Purpose. To radically reduce the cost of the engine; reduce the specific weight and dimensions of the engine; increased efficiency and reliability of the engine; solve the problem of high speeds; solve the problem of high power by developing modular designs.
Scope. Solar energy, distributive energy, cogeneration plants (mini-CHP); heat pumps and powerful environmentally friendly refrigeration units without freon; environmentally friendly charging stations for electric vehicles; vehicles – hybrid or hydrogen cars, submarines, yachts, unmanned aerial vehicles, etc.
Advantages. High environmental friendliness, does not require maintenance or oil change, operates silently on any type of fuel from straw, biogas and any hydrocarbons to solar and nuclear energy.
Technical and economic effect. The universal environmentally friendly engine (UEE) radically reduces the cost of electricity and heat production by 2-3 times.

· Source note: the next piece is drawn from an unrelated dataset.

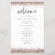 Rose Gold Glitter White Wedding Program. A great value PAPER (not card) alternative WITHOUT ENVELOPES at size 5.5” x 8.5” and at a budget price. This elegant design has faux glitter rose gold borders on each side. Welcome is in a set informal handwritten style script and the rest of the words you can easily personalise.

Description. The essence of the development lies in the deep modernization of the design of the modern Stirling engine (SE), which, as is known, has significant advantages. However, these advantages are devalued by its fundamental disadvantages – high cost, large weight and dimensions and a small range of speeds and powers; To solve these difficult problems, which the world community of specialists could not solve for many decades, the authors conducted large-scale and costly multi-year experiments. The difficulties were associated with the very principle of the engine, which is actually a closed vessel with thick walls under high pressure (up to 250 atm), automatically determining the large weight and size. As a result of the search, all the main units – heat exchangers, body, cylinder, regenerator, piston drive mechanism and control system have undergone radical changes. Thus, the authors managed to create a highly perfect engine – cheap, with acceptable dimensions and weight, economical and reliable. The problem of building high-power engines by increasing the number of 4- and 8-piston modules was also solved. Since the engine operates due to the temperature difference between external heat exchangers (heater and cooler), it can utilize any type of fuel: biogas, combustible waste, household combustible waste, any high-temperature emissions, solar, geothermal and nuclear energy, etc. In addition, it can operate for a long time without maintenance, and it operates almost silently and is more environmentally friendly than any other heat engine. It can also be successfully used at electric vehicle charging stations, as well as in distributed generation systems as cogeneration stations (mini-CHP). Mini-CHPs based on such an engine can produce energy and heat 2-3 times cheaper than traditional CHP or TPP stations.